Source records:
....
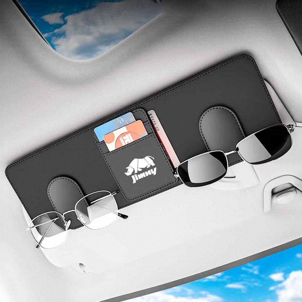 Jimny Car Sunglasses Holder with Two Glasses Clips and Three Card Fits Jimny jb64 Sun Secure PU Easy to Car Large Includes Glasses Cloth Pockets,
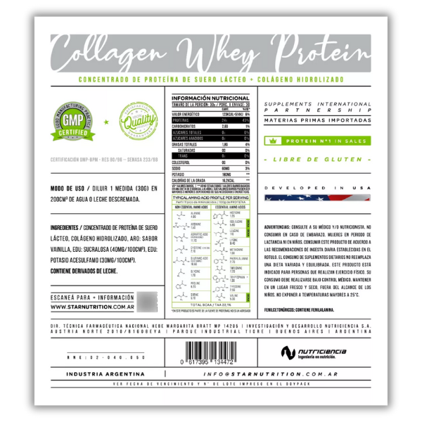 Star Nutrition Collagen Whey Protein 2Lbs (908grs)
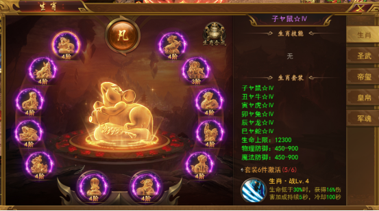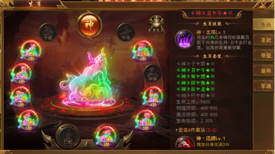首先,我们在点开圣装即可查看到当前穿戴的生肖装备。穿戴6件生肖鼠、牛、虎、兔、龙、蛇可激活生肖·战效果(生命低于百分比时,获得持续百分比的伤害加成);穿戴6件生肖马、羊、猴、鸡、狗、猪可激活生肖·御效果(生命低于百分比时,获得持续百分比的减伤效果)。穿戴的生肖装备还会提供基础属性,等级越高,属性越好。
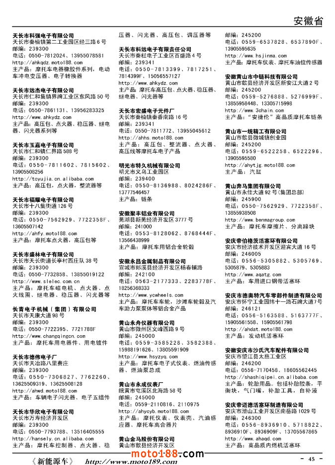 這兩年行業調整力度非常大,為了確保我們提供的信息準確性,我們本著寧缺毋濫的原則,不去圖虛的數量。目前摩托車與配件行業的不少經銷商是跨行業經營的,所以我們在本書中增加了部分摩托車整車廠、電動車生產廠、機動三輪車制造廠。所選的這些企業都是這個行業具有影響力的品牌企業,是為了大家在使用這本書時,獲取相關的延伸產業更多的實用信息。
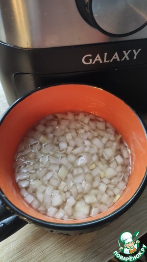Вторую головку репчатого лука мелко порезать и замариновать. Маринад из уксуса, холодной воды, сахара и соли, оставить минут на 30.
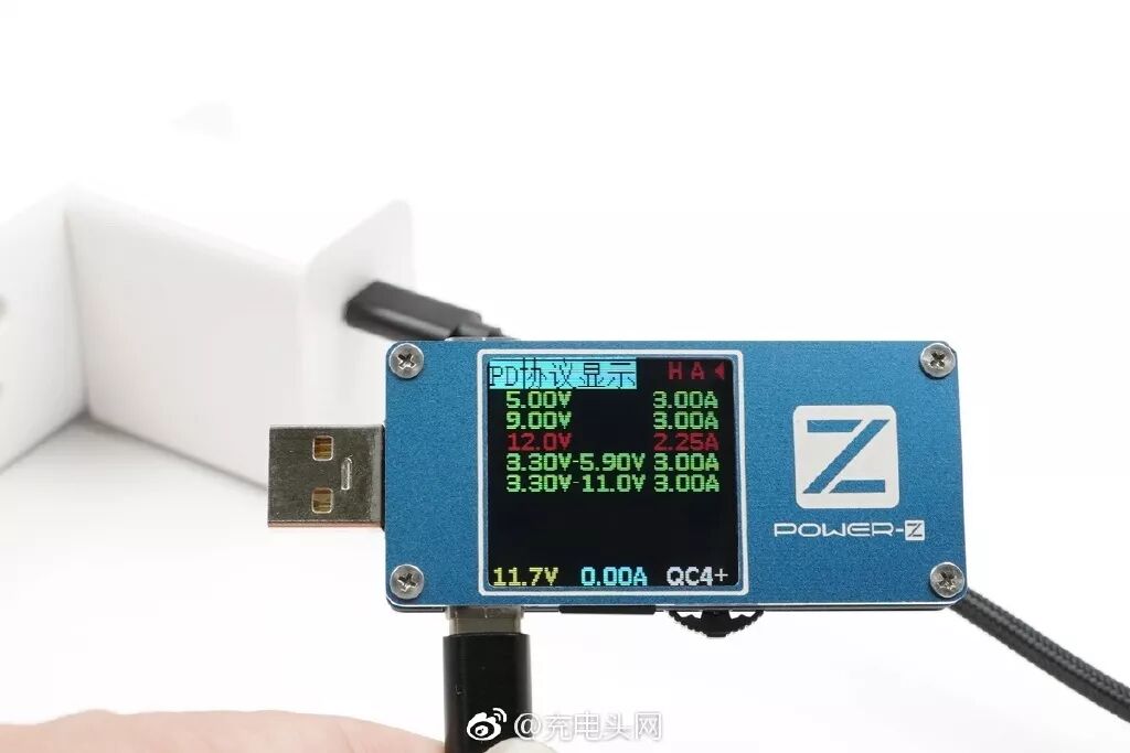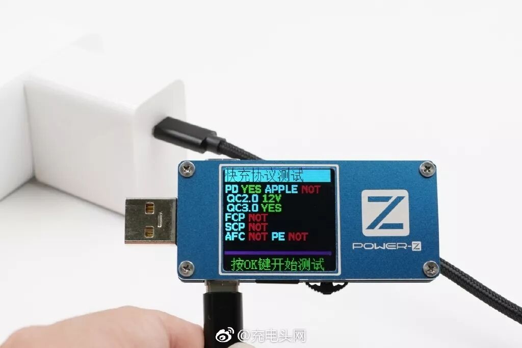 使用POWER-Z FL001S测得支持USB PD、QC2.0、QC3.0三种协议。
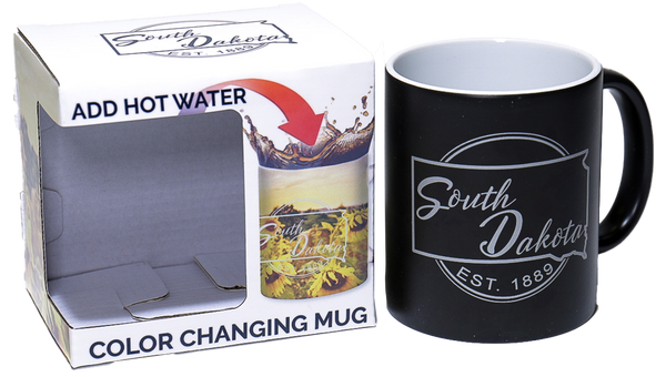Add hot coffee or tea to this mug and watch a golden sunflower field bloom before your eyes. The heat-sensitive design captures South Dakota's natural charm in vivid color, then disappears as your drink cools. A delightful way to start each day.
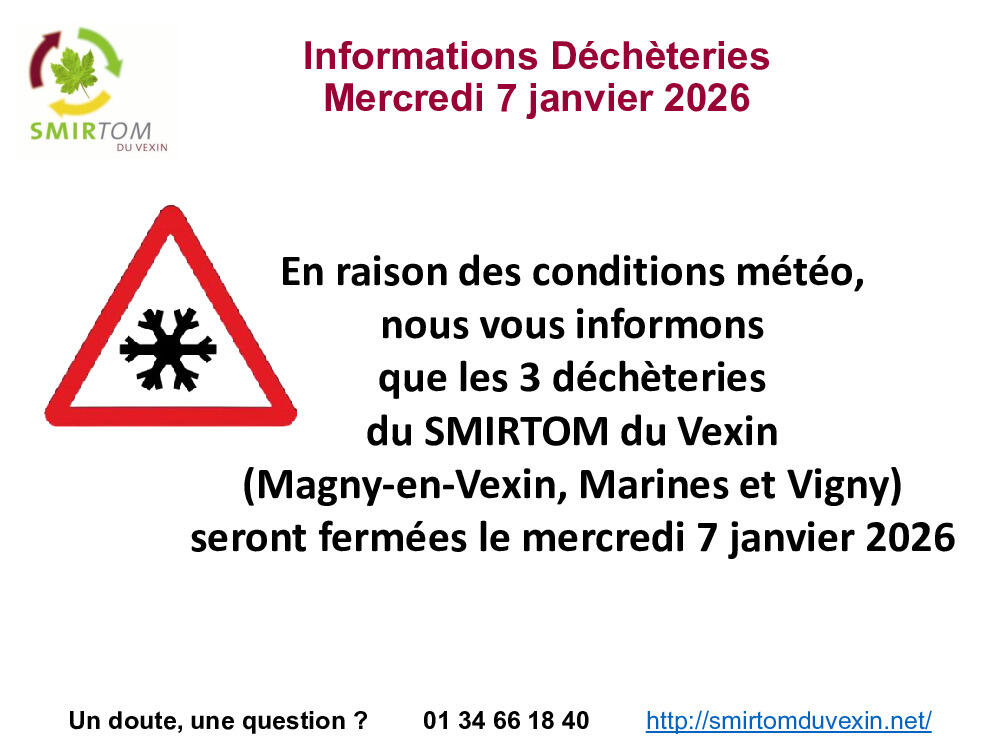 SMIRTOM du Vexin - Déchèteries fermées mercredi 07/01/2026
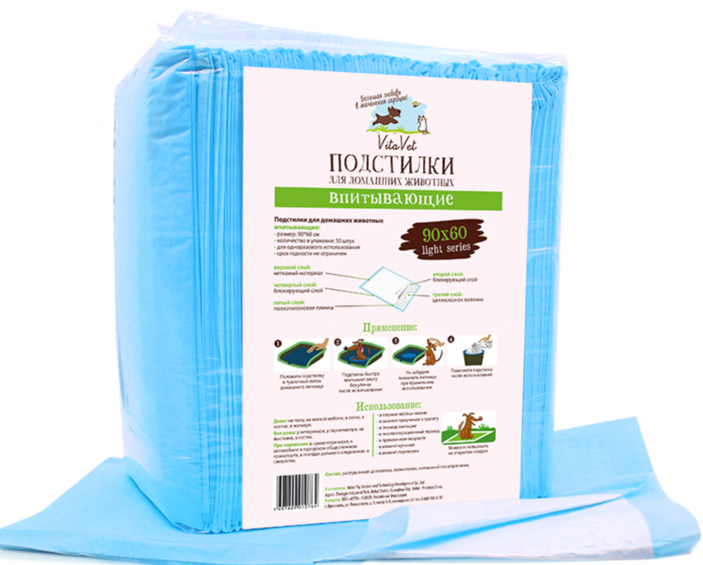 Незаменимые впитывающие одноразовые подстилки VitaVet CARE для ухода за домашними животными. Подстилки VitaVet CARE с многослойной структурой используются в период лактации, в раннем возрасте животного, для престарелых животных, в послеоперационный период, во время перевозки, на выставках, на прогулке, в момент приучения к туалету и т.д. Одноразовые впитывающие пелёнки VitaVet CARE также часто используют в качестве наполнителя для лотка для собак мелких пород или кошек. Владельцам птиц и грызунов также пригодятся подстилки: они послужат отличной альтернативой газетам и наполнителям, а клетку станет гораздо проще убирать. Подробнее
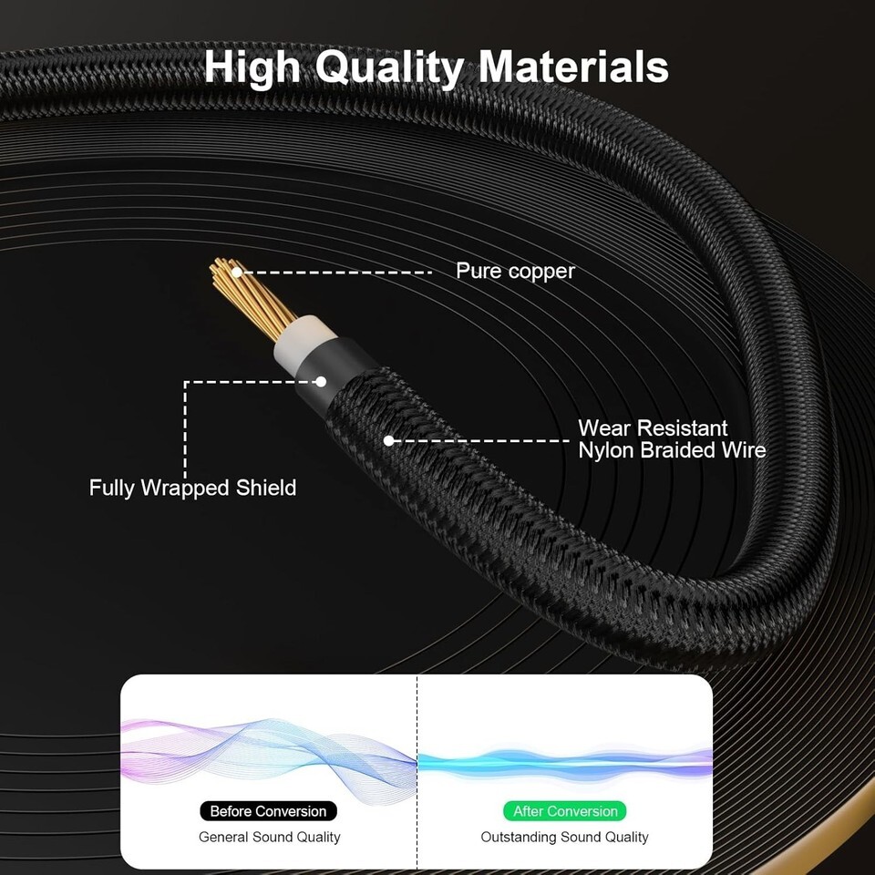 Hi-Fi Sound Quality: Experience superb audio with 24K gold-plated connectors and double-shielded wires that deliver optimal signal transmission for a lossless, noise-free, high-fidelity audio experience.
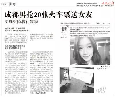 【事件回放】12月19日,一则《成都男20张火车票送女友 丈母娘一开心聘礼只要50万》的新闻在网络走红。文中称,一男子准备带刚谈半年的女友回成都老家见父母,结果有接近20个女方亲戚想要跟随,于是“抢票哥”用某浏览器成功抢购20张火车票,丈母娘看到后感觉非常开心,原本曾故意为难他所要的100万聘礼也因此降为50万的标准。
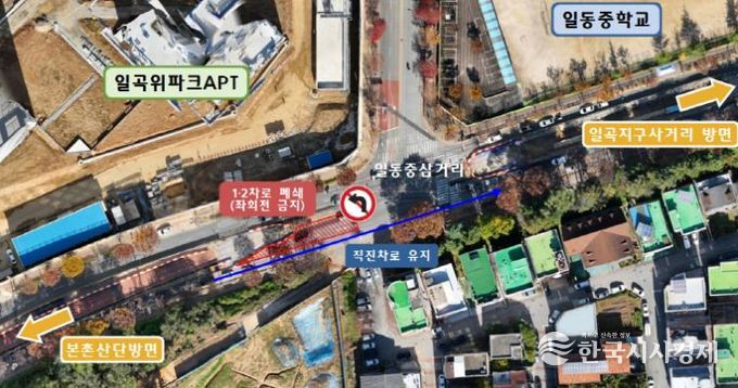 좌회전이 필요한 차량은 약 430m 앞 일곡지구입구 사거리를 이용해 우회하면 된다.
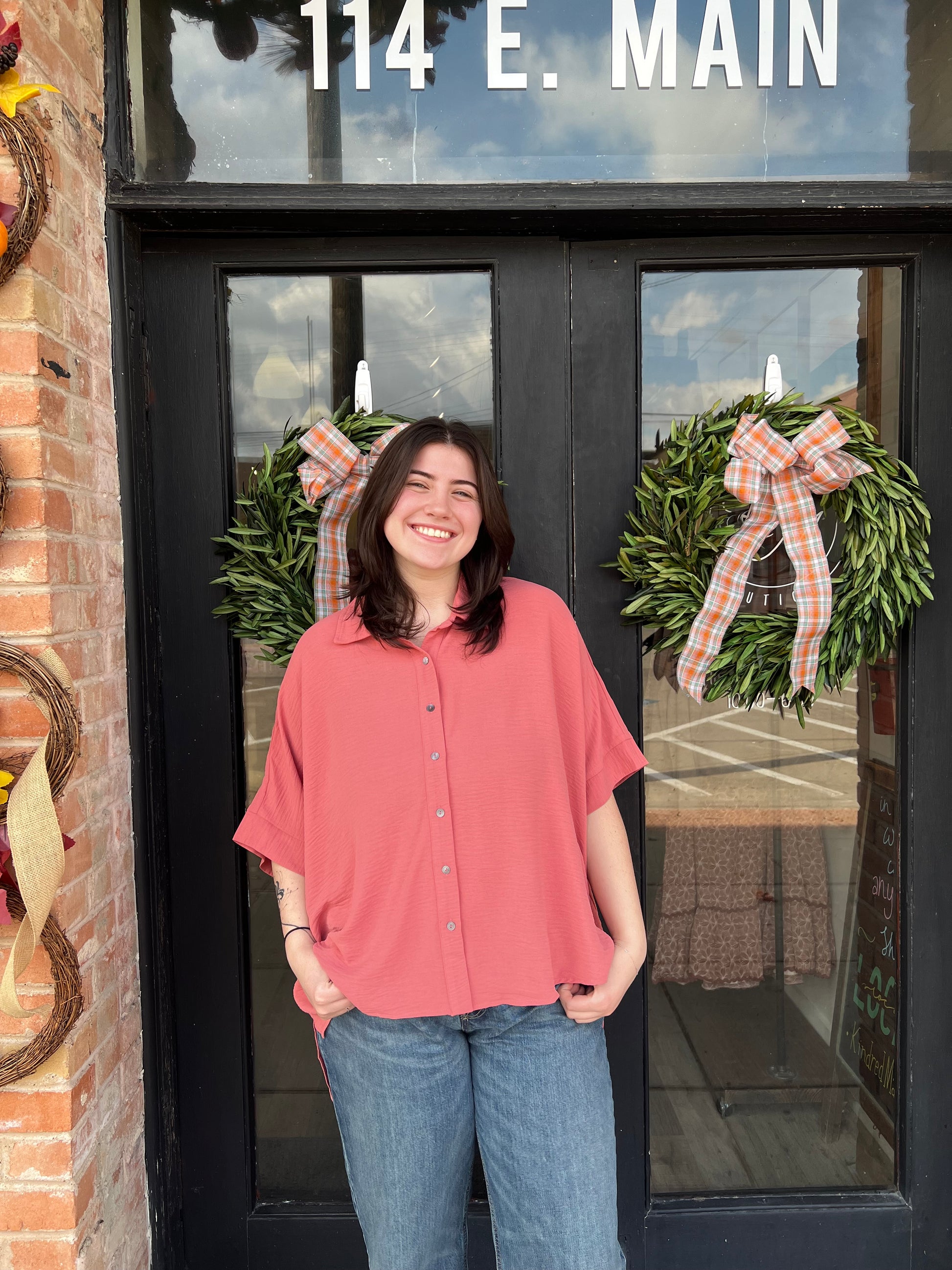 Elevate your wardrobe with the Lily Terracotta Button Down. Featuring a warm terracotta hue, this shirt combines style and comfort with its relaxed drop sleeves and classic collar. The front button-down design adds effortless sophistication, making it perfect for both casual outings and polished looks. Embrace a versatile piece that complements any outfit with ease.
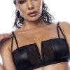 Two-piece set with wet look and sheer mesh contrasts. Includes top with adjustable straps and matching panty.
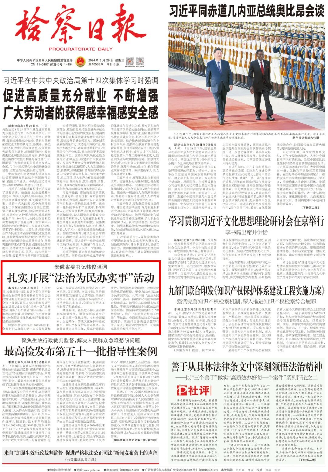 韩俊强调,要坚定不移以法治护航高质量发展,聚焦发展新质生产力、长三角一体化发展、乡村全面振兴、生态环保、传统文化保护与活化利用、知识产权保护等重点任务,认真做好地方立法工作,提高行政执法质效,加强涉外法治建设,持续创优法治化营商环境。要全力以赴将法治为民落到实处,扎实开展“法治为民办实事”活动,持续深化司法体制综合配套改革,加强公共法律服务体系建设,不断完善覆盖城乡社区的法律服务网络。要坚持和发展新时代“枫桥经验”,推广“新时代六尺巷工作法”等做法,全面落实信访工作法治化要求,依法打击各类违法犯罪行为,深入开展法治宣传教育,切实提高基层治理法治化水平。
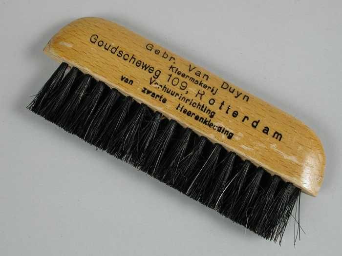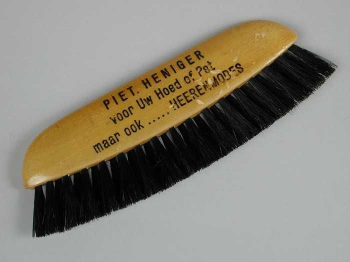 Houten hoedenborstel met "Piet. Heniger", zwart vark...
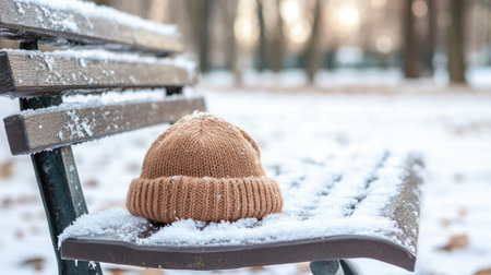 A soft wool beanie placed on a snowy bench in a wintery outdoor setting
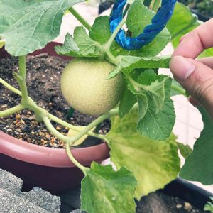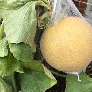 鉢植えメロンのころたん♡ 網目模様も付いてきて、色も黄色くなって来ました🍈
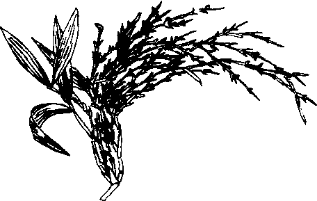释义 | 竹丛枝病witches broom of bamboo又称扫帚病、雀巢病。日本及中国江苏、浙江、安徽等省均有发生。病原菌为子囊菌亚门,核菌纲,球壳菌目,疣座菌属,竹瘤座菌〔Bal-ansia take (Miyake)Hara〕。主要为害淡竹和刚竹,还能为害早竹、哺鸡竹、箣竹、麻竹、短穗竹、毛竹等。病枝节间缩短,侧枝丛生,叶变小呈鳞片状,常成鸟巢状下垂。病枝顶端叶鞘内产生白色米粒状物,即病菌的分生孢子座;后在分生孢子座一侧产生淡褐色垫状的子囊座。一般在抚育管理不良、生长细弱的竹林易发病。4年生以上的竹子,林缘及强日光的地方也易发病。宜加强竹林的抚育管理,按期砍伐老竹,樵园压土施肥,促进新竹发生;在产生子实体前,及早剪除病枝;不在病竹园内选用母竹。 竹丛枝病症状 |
....
**WHAT IS EXPECTED:** Pictures stay out, but every record above is to be returned exactly.

**SOLUTION:**
 Jimny Car Sunglasses Holder with Two Glasses Clips and Three Card Fits Jimny jb64 Sun Secure PU Easy to Car Large Includes Glasses Cloth Pockets,
 Star Nutrition Collagen Whey Protein 2Lbs (908grs)
首先,我们在点开圣装即可查看到当前穿戴的生肖装备。穿戴6件生肖鼠、牛、虎、兔、龙、蛇可激活生肖·战效果(生命低于百分比时,获得持续百分比的伤害加成);穿戴6件生肖马、羊、猴、鸡、狗、猪可激活生肖·御效果(生命低于百分比时,获得持续百分比的减伤效果)。穿戴的生肖装备还会提供基础属性,等级越高,属性越好。
 這兩年行業調整力度非常大,為了確保我們提供的信息準確性,我們本著寧缺毋濫的原則,不去圖虛的數量。目前摩托車與配件行業的不少經銷商是跨行業經營的,所以我們在本書中增加了部分摩托車整車廠、電動車生產廠、機動三輪車制造廠。所選的這些企業都是這個行業具有影響力的品牌企業,是為了大家在使用這本書時,獲取相關的延伸產業更多的實用信息。
Вторую головку репчатого лука мелко порезать и замариновать. Маринад из уксуса, холодной воды, сахара и соли, оставить минут на 30.
 使用POWER-Z FL001S测得支持USB PD、QC2.0、QC3.0三种协议。
Add hot coffee or tea to this mug and watch a golden sunflower field bloom before your eyes. The heat-sensitive design captures South Dakota's natural charm in vivid color, then disappears as your drink cools. A delightful way to start each day.
 SMIRTOM du Vexin - Déchèteries fermées mercredi 07/01/2026
 Незаменимые впитывающие одноразовые подстилки VitaVet CARE для ухода за домашними животными. Подстилки VitaVet CARE с многослойной структурой используются в период лактации, в раннем возрасте животного, для престарелых животных, в послеоперационный период, во время перевозки, на выставках, на прогулке, в момент приучения к туалету и т.д. Одноразовые впитывающие пелёнки VitaVet CARE также часто используют в качестве наполнителя для лотка для собак мелких пород или кошек. Владельцам птиц и грызунов также пригодятся подстилки: они послужат отличной альтернативой газетам и наполнителям, а клетку станет гораздо проще убирать. Подробнее
 Hi-Fi Sound Quality: Experience superb audio with 24K gold-plated connectors and double-shielded wires that deliver optimal signal transmission for a lossless, noise-free, high-fidelity audio experience.
 【事件回放】12月19日,一则《成都男20张火车票送女友 丈母娘一开心聘礼只要50万》的新闻在网络走红。文中称,一男子准备带刚谈半年的女友回成都老家见父母,结果有接近20个女方亲戚想要跟随,于是“抢票哥”用某浏览器成功抢购20张火车票,丈母娘看到后感觉非常开心,原本曾故意为难他所要的100万聘礼也因此降为50万的标准。
 좌회전이 필요한 차량은 약 430m 앞 일곡지구입구 사거리를 이용해 우회하면 된다.
 Elevate your wardrobe with the Lily Terracotta Button Down. Featuring a warm terracotta hue, this shirt combines style and comfort with its relaxed drop sleeves and classic collar. The front button-down design adds effortless sophistication, making it perfect for both casual outings and polished looks. Embrace a versatile piece that complements any outfit with ease.
 Two-piece set with wet look and sheer mesh contrasts. Includes top with adjustable straps and matching panty.
 韩俊强调,要坚定不移以法治护航高质量发展,聚焦发展新质生产力、长三角一体化发展、乡村全面振兴、生态环保、传统文化保护与活化利用、知识产权保护等重点任务,认真做好地方立法工作,提高行政执法质效,加强涉外法治建设,持续创优法治化营商环境。要全力以赴将法治为民落到实处,扎实开展“法治为民办实事”活动,持续深化司法体制综合配套改革,加强公共法律服务体系建设,不断完善覆盖城乡社区的法律服务网络。要坚持和发展新时代“枫桥经验”,推广“新时代六尺巷工作法”等做法,全面落实信访工作法治化要求,依法打击各类违法犯罪行为,深入开展法治宣传教育,切实提高基层治理法治化水平。
 Houten hoedenborstel met "Piet. Heniger", zwart vark...
 A soft wool beanie placed on a snowy bench in a wintery outdoor setting
 鉢植えメロンのころたん♡ 網目模様も付いてきて、色も黄色くなって来ました🍈
释义 | 竹丛枝病witches broom of bamboo又称扫帚病、雀巢病。日本及中国江苏、浙江、安徽等省均有发生。病原菌为子囊菌亚门,核菌纲,球壳菌目,疣座菌属,竹瘤座菌〔Bal-ansia take (Miyake)Hara〕。主要为害淡竹和刚竹,还能为害早竹、哺鸡竹、箣竹、麻竹、短穗竹、毛竹等。病枝节间缩短,侧枝丛生,叶变小呈鳞片状,常成鸟巢状下垂。病枝顶端叶鞘内产生白色米粒状物,即病菌的分生孢子座;后在分生孢子座一侧产生淡褐色垫状的子囊座。一般在抚育管理不良、生长细弱的竹林易发病。4年生以上的竹子,林缘及强日光的地方也易发病。宜加强竹林的抚育管理,按期砍伐老竹,樵园压土施肥,促进新竹发生;在产生子实体前,及早剪除病枝;不在病竹园内选用母竹。 竹丛枝病症状 |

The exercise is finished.